[TASK PROMPT]
With pictures excluded, repeat exactly the lines from the one containing "COOFANDY Mens Knit" through the last line of the material below.

[INFORMATION PROVIDED]
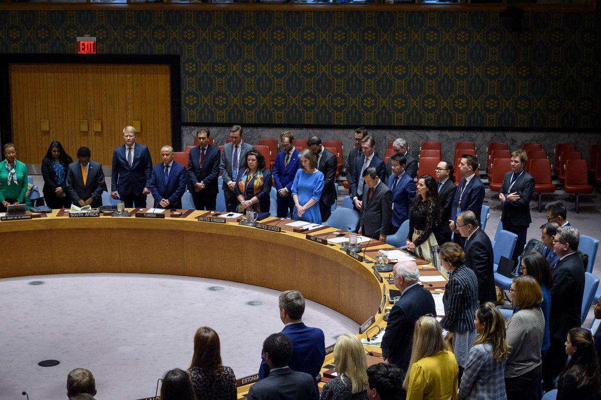 At the beginning of the Security Council meeting I chaired this afternoon, Council members observed a minute of silence in honour of Mr. Javier Pérez de Cuéllar, former Secretary-General of the United Nations. We do cherish his great contribution to the UN.pic.twitter.com/QhGVOsNk7W
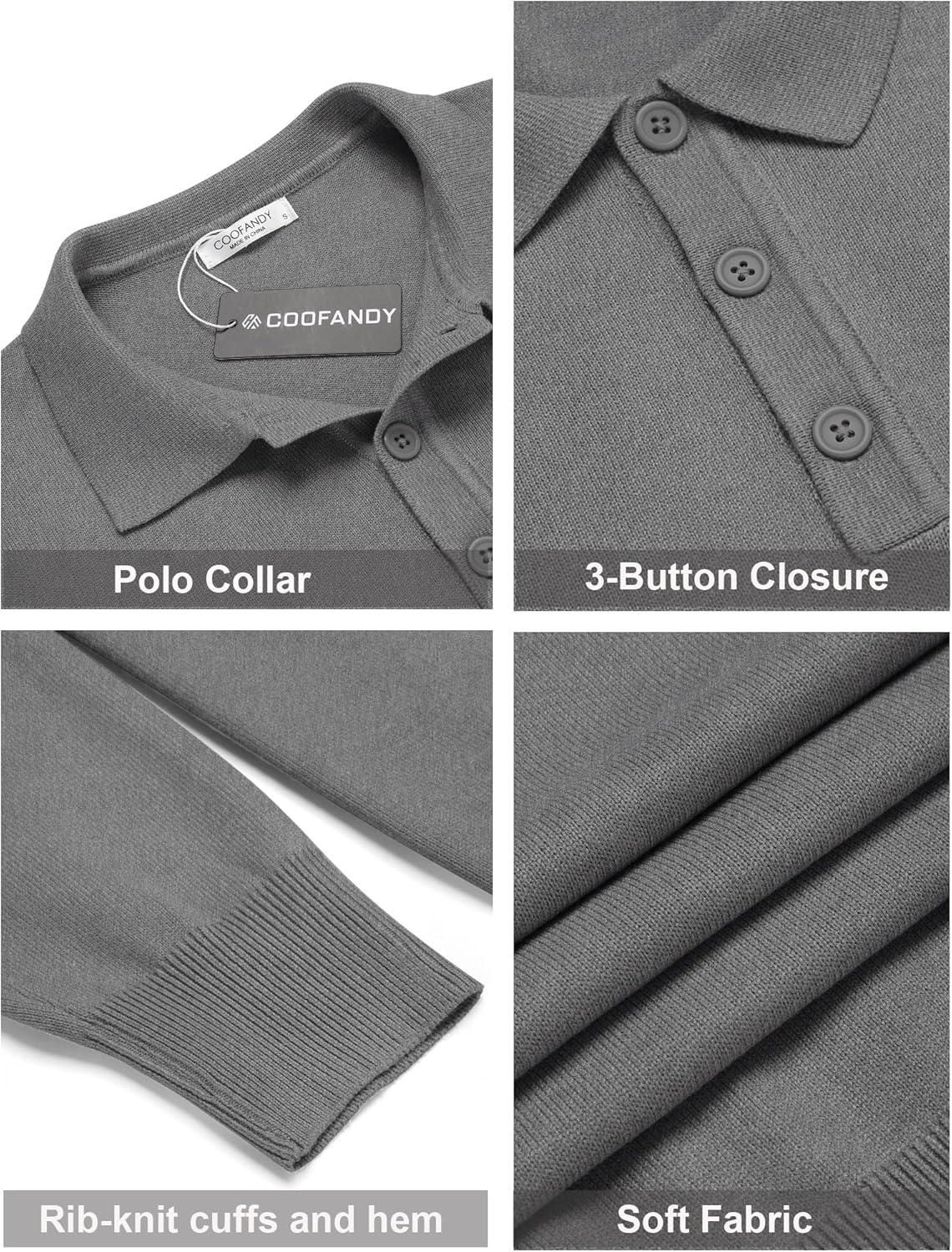 COOFANDY Mens Knit Polo Shirts Casual Long Sleeve Classic Polo Shirts Button Down Golf Shirts(Grey)
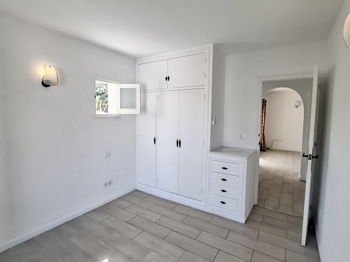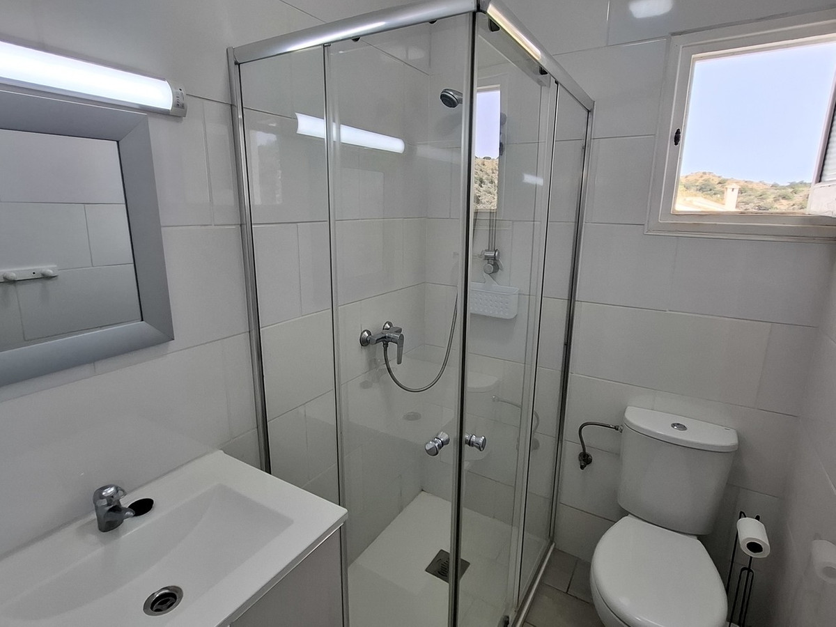 An archway from the lounge leads to a small corridor where both bedrooms and the family bathroom are located. The principal bedroom is bright and airy, with dual hot and cold air conditioning, built-in storage and a modernised en-suite bathroom featuring a walk-in shower. The second bedroom also includes fitted wardrobes and benefits from double glass and wooden doors that open onto a small balcony, again enjoying the attractive countryside views.

[EXERCISE OUTPUT]
 COOFANDY Mens Knit Polo Shirts Casual Long Sleeve Classic Polo Shirts Button Down Golf Shirts(Grey)
 An archway from the lounge leads to a small corridor where both bedrooms and the family bathroom are located. The principal bedroom is bright and airy, with dual hot and cold air conditioning, built-in storage and a modernised en-suite bathroom featuring a walk-in shower. The second bedroom also includes fitted wardrobes and benefits from double glass and wooden doors that open onto a small balcony, again enjoying the attractive countryside views.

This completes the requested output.